• [Work required]
Write out exactly the lines from the one with "بناءً على توجيهات" through the last line of the data below, but not the pictures.

• [Dataset records]
━━━━

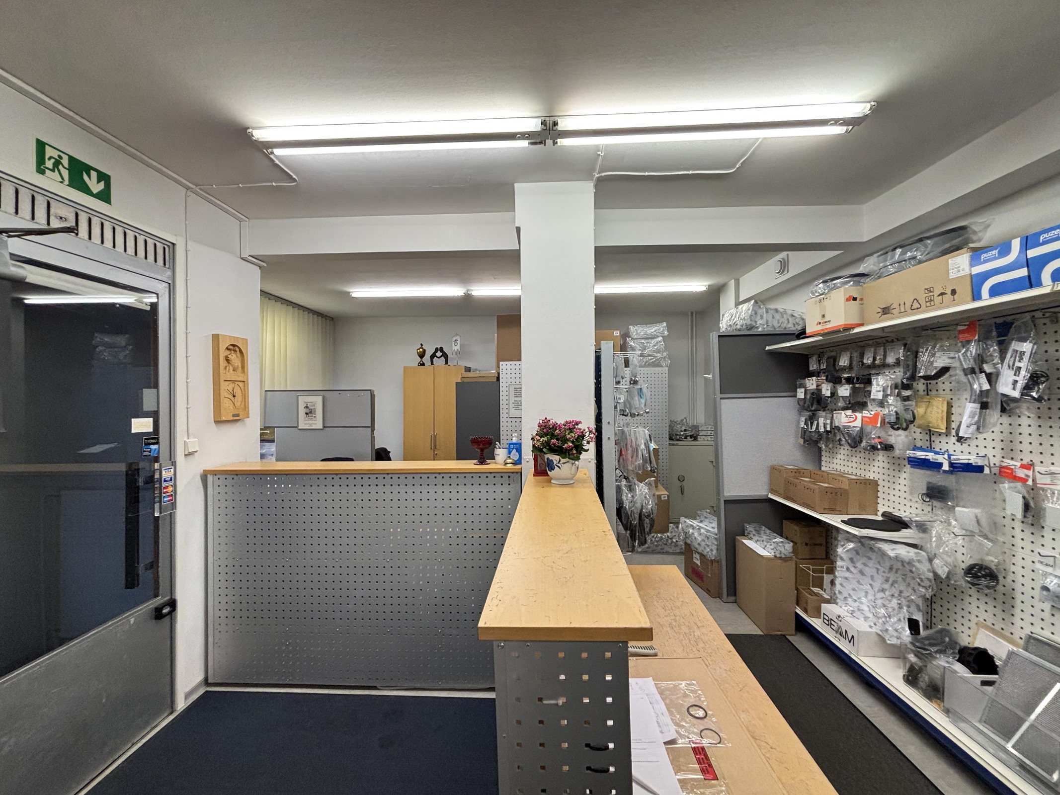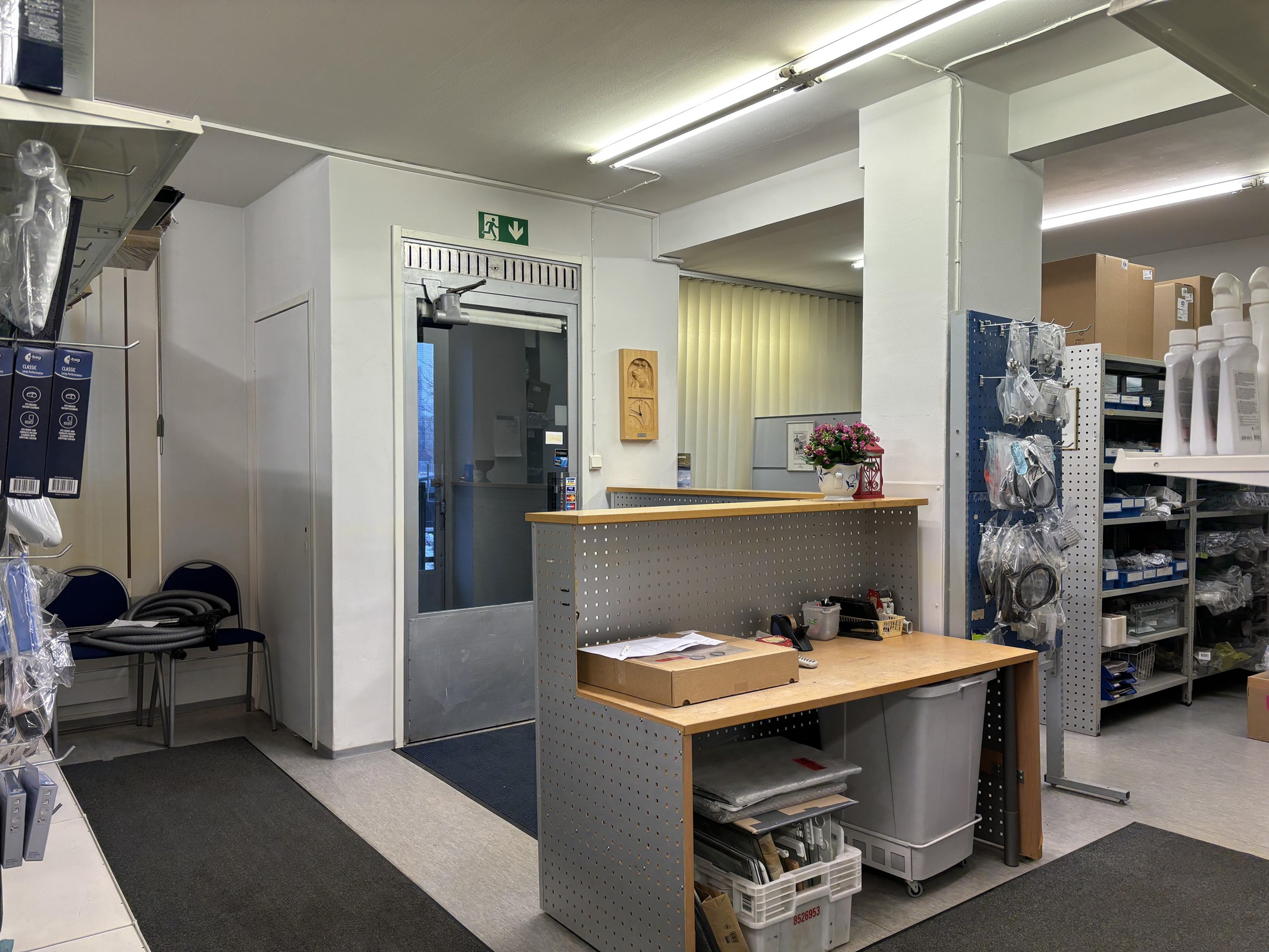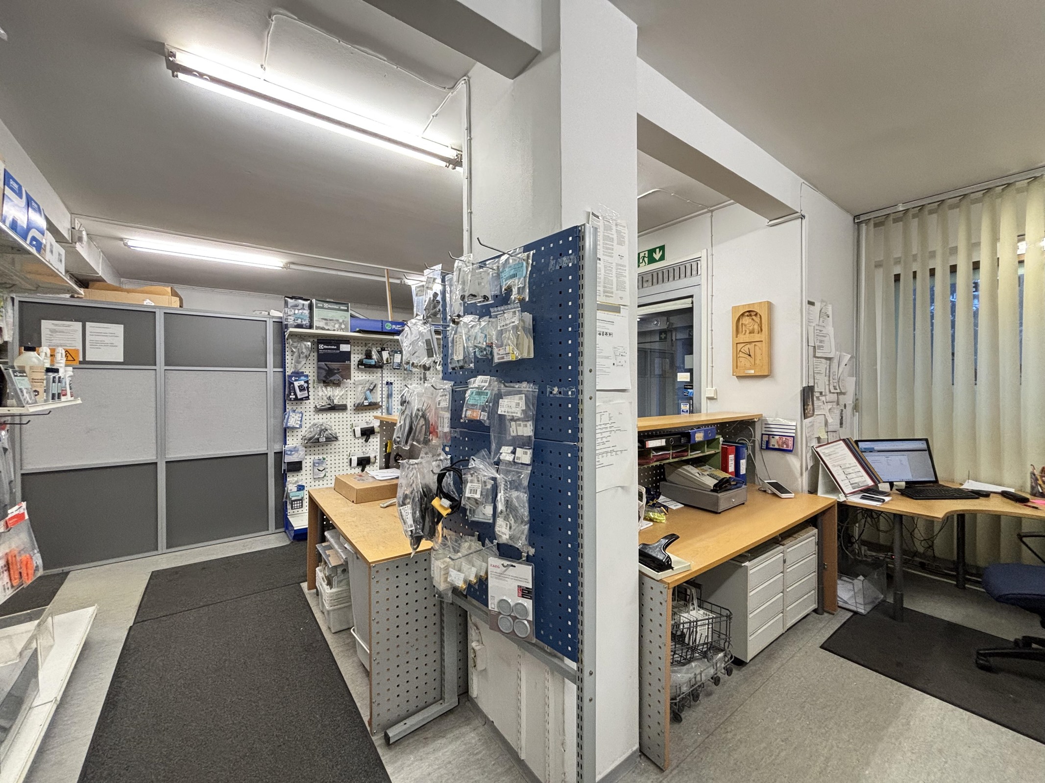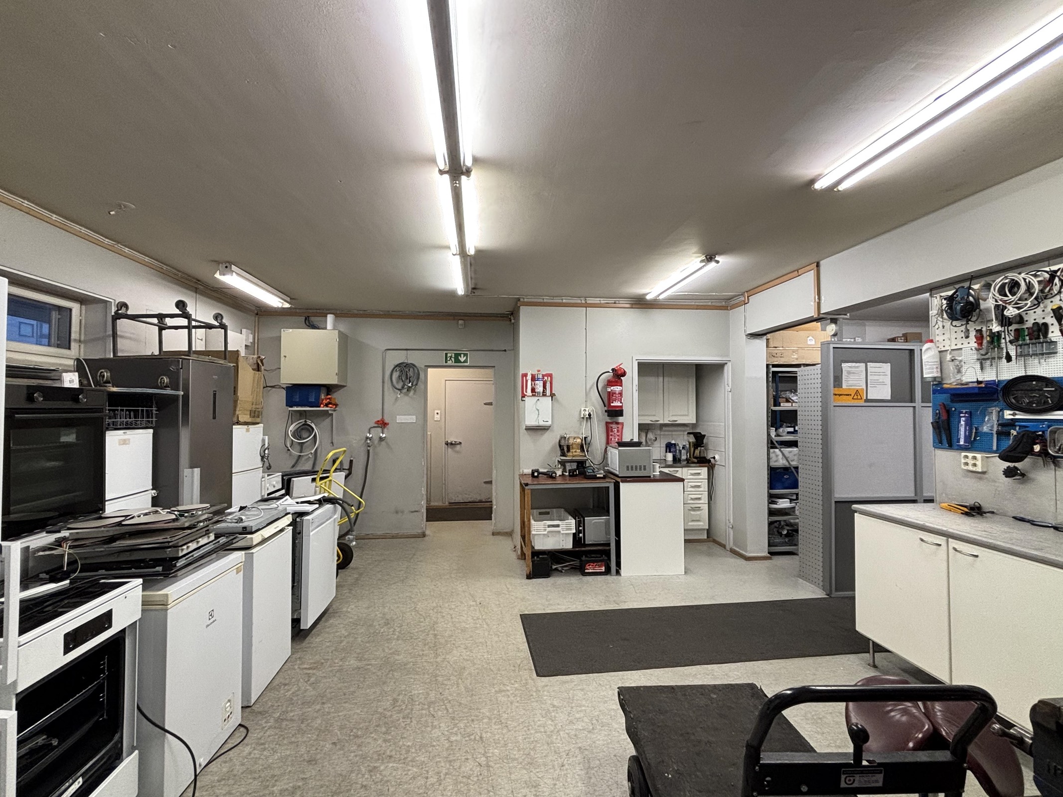 - Liikehuoneisto, 1 wc, 2 varastoa, kk, takahuone
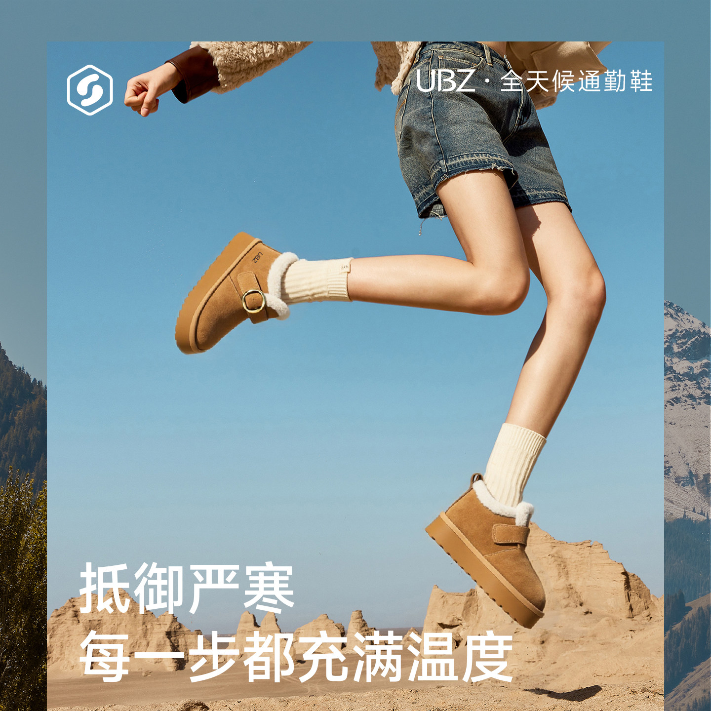 UBZ 短筒加绒厚底勃肯雪地靴女2025冬季新款保暖加厚增高东北棉鞋
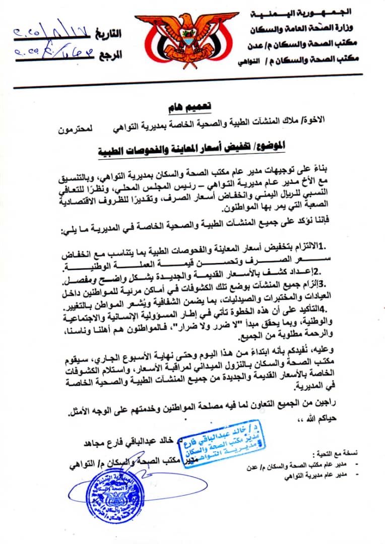 بناءً على توجيهات مدير عام مكتب الصحة والسكان بمديرية التواهي، وبالتنسيق مع الأخ مدير عام مديرية التواهي – رئيس المجلس المحلي، ونظرًا للتعافي النسبي للريال اليمني وانخفاض أسعار الصرف، وتقديرًا للظروف الاقتصادية الصعبة التي يمر بها المواطنون؛
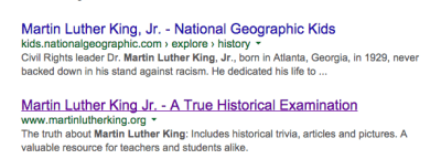 I wrote a bit about the problems inherent in a random Google search a while back and thought I’d revisit this example with Diigo to show the advantage. When you do a random Google search for information on something (i.e. Martin Luther King Jr.) you don’t really now the quality of the site before digging beneath the surface of the link. The example below highlights this fact as the links below that came up on the first page of my Google search include martinlutherking.org which is run by the White Supremacist group Storm Front.
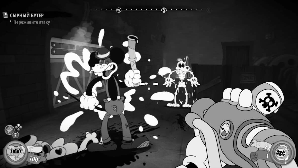 Студия Fumi Games поистине уникальное произведение, которое от и до отражает задумку. Это бумер-шутер от первого лица в стиле мультиков 60-е. Если вы видели оригинального «Микки Мауса», то тут примерно оно. В пример можно привести Cuphead. Хотя стилистика разная, главная особенность — визуальная составляющая. Даже выбор уровня стилизован:
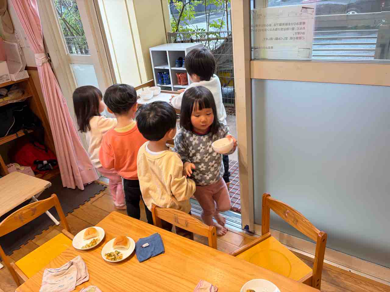 好き嫌いなくたくさん食べるぞ~とお話をして自分で給食を運んでいくよ!
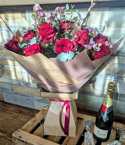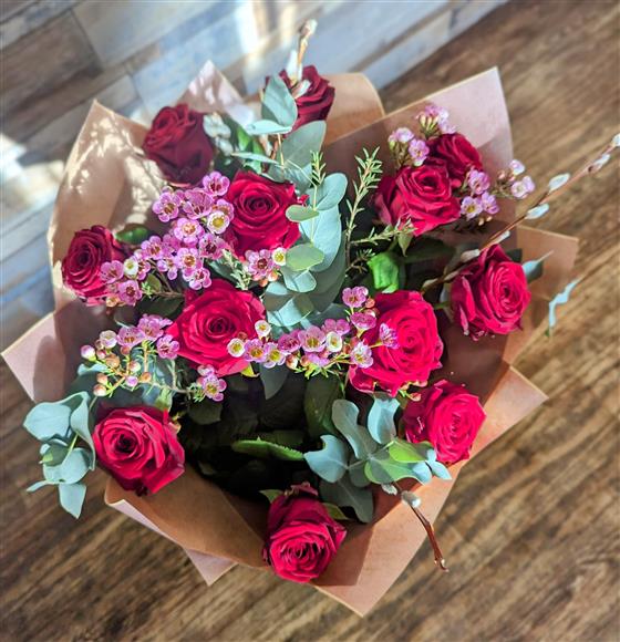Combined with a seasonal filler and lush Foliage, this bouquet is the perfect gift for Valentines Day!
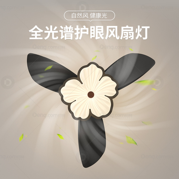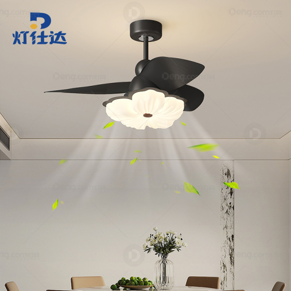 灯仕达铁艺书房/卧室喷漆磨砂奶油风风扇灯 头数:1头 型号:FS6004D-花朵-36寸-黑离线语音

━━━━

• [Output for this task]
 بناءً على توجيهات مدير عام مكتب الصحة والسكان بمديرية التواهي، وبالتنسيق مع الأخ مدير عام مديرية التواهي – رئيس المجلس المحلي، ونظرًا للتعافي النسبي للريال اليمني وانخفاض أسعار الصرف، وتقديرًا للظروف الاقتصادية الصعبة التي يمر بها المواطنون؛
 I wrote a bit about the problems inherent in a random Google search a while back and thought I’d revisit this example with Diigo to show the advantage. When you do a random Google search for information on something (i.e. Martin Luther King Jr.) you don’t really now the quality of the site before digging beneath the surface of the link. The example below highlights this fact as the links below that came up on the first page of my Google search include martinlutherking.org which is run by the White Supremacist group Storm Front.
 Студия Fumi Games поистине уникальное произведение, которое от и до отражает задумку. Это бумер-шутер от первого лица в стиле мультиков 60-е. Если вы видели оригинального «Микки Мауса», то тут примерно оно. В пример можно привести Cuphead. Хотя стилистика разная, главная особенность — визуальная составляющая. Даже выбор уровня стилизован:
 好き嫌いなくたくさん食べるぞ~とお話をして自分で給食を運んでいくよ!
Combined with a seasonal filler and lush Foliage, this bouquet is the perfect gift for Valentines Day!
 灯仕达铁艺书房/卧室喷漆磨砂奶油风风扇灯 头数:1头 型号:FS6004D-花朵-36寸-黑离线语音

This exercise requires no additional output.